### What is required
In the copy, keep the lines from the first line of the material below through the line containing "Servieren: Vor dem" exactly as they are, and include no pictures.

=== Data section ===

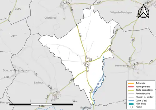 Les communes limitrophes sont Baslieux, Chenières, Morfontaine, Ville-au-Montois et Villers-la-Montagne.
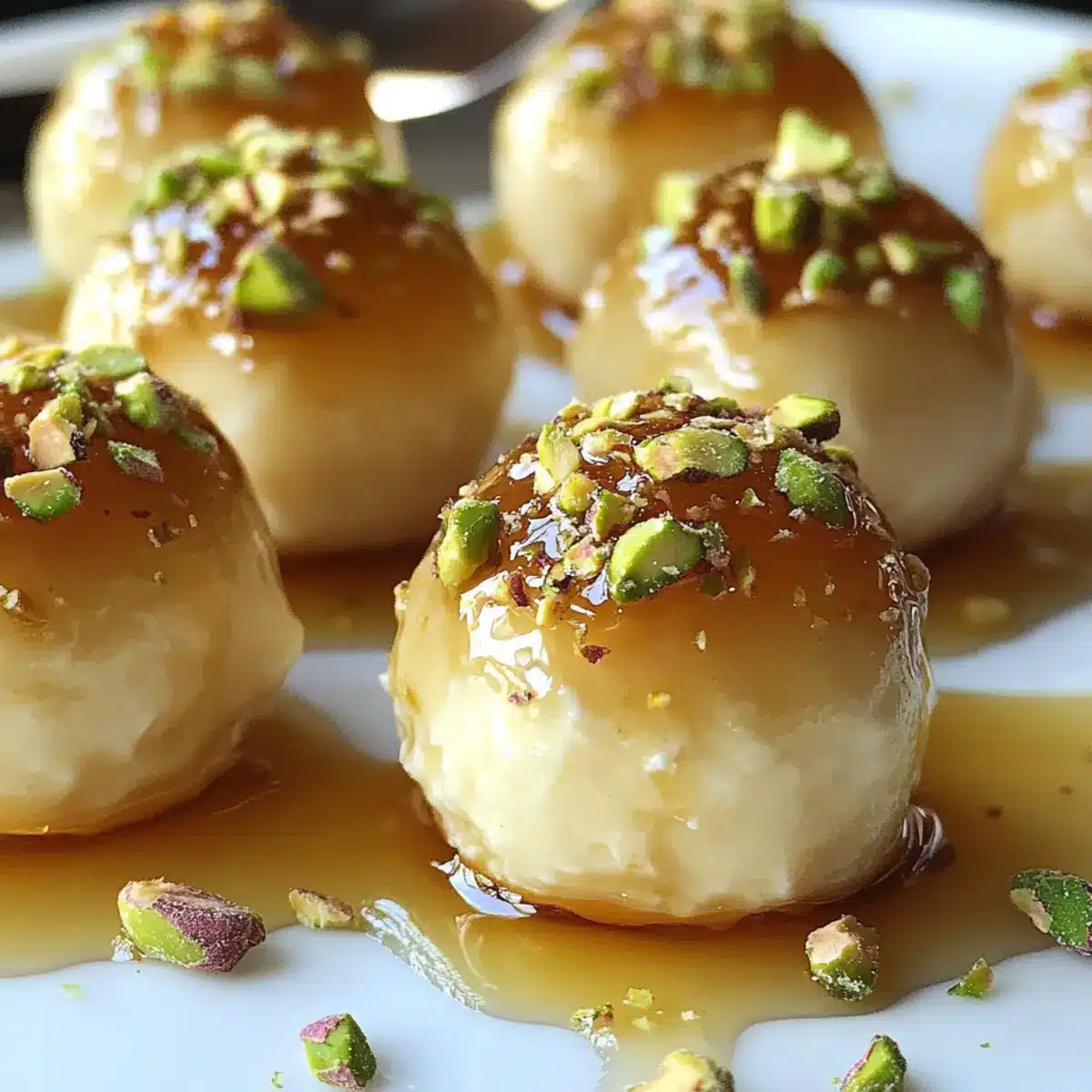 Servieren: Vor dem Servieren können Sie die Bissen mit zusätzlichem Honig und gehackten Pistazien garnieren, um nochmals für einen frischen Akzent zu sorgen.
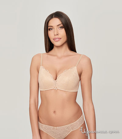 Бежевый бюстгальтер Orchid из кружева с формованной треугольной чашкой без каркасов super push-up во всех размерах. Регулируемые бретели можно застёгивать двумя способами: классическим и крест накрест на спинке. Декорирован бантиком спереди.

===

### Exercise output
 Les communes limitrophes sont Baslieux, Chenières, Morfontaine, Ville-au-Montois et Villers-la-Montagne.
 Servieren: Vor dem Servieren können Sie die Bissen mit zusätzlichem Honig und gehackten Pistazien garnieren, um nochmals für einen frischen Akzent zu sorgen.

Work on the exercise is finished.